The Institute of Medicine promulgated goals for health care for this century: care that is safe, timely, patient-centered/personalized, equitable, efficient, and effective (which we would infer includes humanistic and of high quality). The expositions in this issue emphasize the value of prompt, aggressive treatment for early arthritis. It is tempting to reflect on the progress of rheumatology in but a few short years. But we cannot be satisfied until we bring the benefits of our advances to all of our patients. It is our individual and societal responsibility to identify these patients and assure that they have opportunities to receive effective and affordable therapy. Limitations to this are no longer our current art nor our science, but rather our communal resources and will.

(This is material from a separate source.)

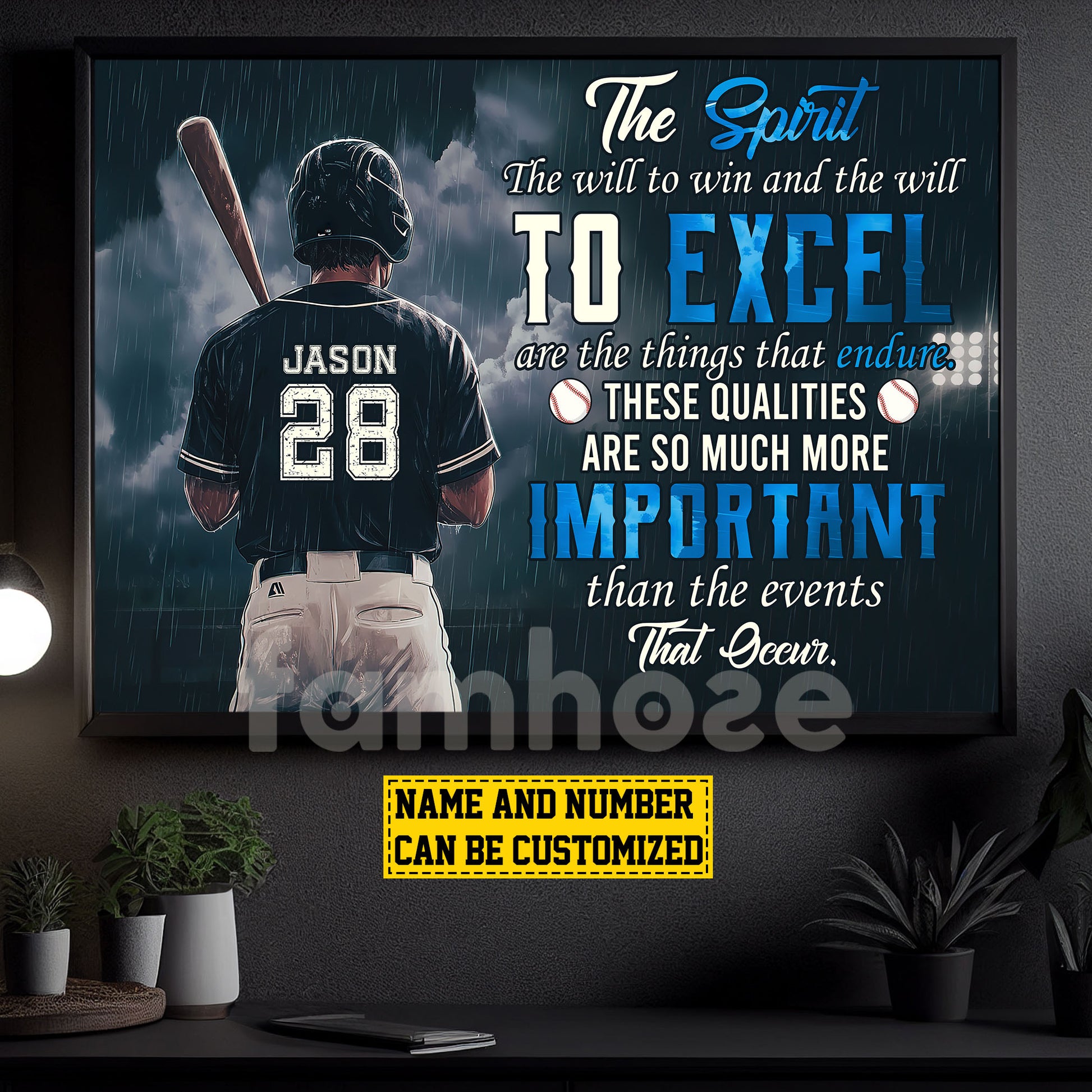 Motivational Personalized Baseball Boy Canvas Painting, The Spirit The Will To Win Sport Wall Art Decor, Poster Gift For Baseball Lovers

Comprehensive medical economic analyses are needed of how to treat RA most effectively and with the least toxicity in the general population. We need to understand the trade-off between the cost and toxicity (and cost of toxicity) of early widespread use of biologics versus the economic benefits of preventing disability. Would it be economically more beneficial to give antimalarials to all patients with a positive anti-CCP antibody rather than very aggressive treatment of clinical RA? Some of these approaches could end up being tested in countries that cannot afford biologics. Do our current clinical measures of disease activity and radiographic anatomy optimally predict disability? Why do we assess structural changes in RA entirely by radiographic measurement of cartilage loss and erosions, some of which are very small, without also considering soft-tissue damage and deformities that are functionally significant? What about the cardiac and pulmonary aspects of rheumatic disease, for which our current so-called disease-modifying antirheumatic drugs, biologic and nonbiologic, may not be working so well?
Even better than remission or cure, of course, would be prevention. At the least we could begin with an organized approach to smoking cessation for individuals who have a family history of RA or who carry the MHC shared epitope.
It should be possible to do much, if not all of this, or certainly do better. We owe it to our patients.